A possible tipping point for the decision to send armed reinforcements came from a gang-related blockade of Varreux fuel terminal north of Port-au-Prince, a storage facility that is one of Haiti’s largest fuel distribution centers. The terminal owners announced Saturday that “armed men” had attacked their installations and fled with more than 28,000 gallons of petroleum products.
The images of Canadian equipment landing in Port-au-Prince recalls the scenes in February of 2020 when US forces delivered armored vehicles to then-president Jovenel Moïse that he subsequently used to crack down on a broadening protest movement against his plans to consolidate a presidential dictatorship.
Equipment delivered to the Moïse government was transferred directly into the hands of G9 and Chérizier, a former officer of the HNP who would become a henchman of Moïse in terrorizing the population and crushing dissent. Among the most infamous terror campaigns launched by G9 and sanctioned by Moïse were an August–September 2020 massacre that left 22 dead, and the April 2021 massacre staged in the Bel Air slum of Port-au-Prince.

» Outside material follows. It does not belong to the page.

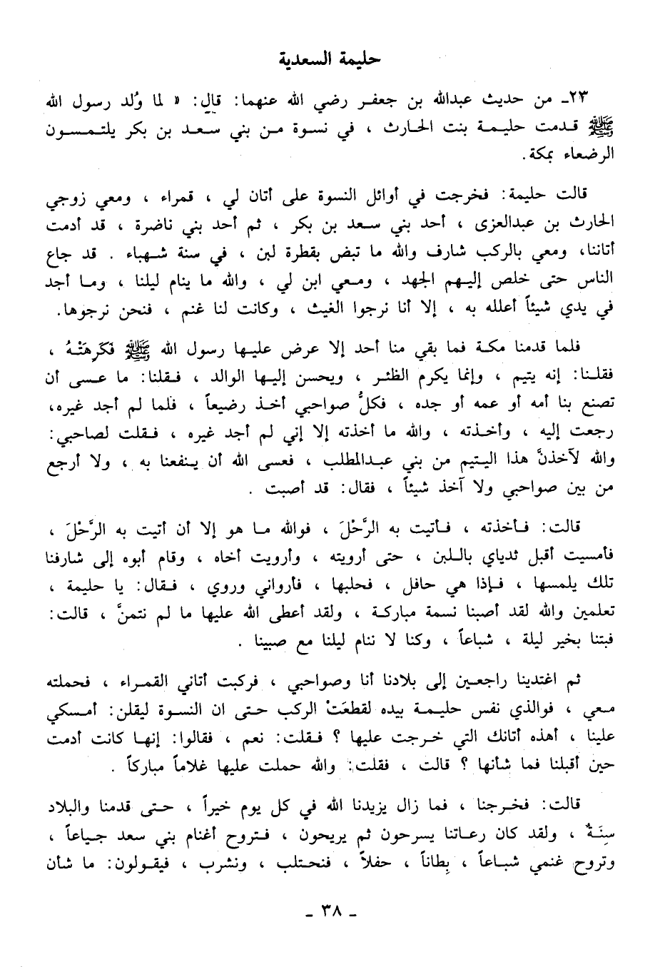 23 - من حديث عبد الله بن جعفر رضي الله عنهما: قال: "لما وُلد رسول الله - صلى الله عليه وسلم - قدمت حليمة بنت الحارث، في نسوة من بني سعد بن بكر يلتمسون الرضعاء بمكة.

The phony claim that the sending of arms to Haiti is necessary to assist the HNP in combatting gang violence is refuted by the violent repression the police has meted out to protestors throughout the wave of demonstrations prompted by the ever-worsening economic situation, including last month’s elimination, at the behest of the IMF, of oil price subsidies.
Last week police shot at protestors demonstrating against a foreign military intervention, killing at least one young woman.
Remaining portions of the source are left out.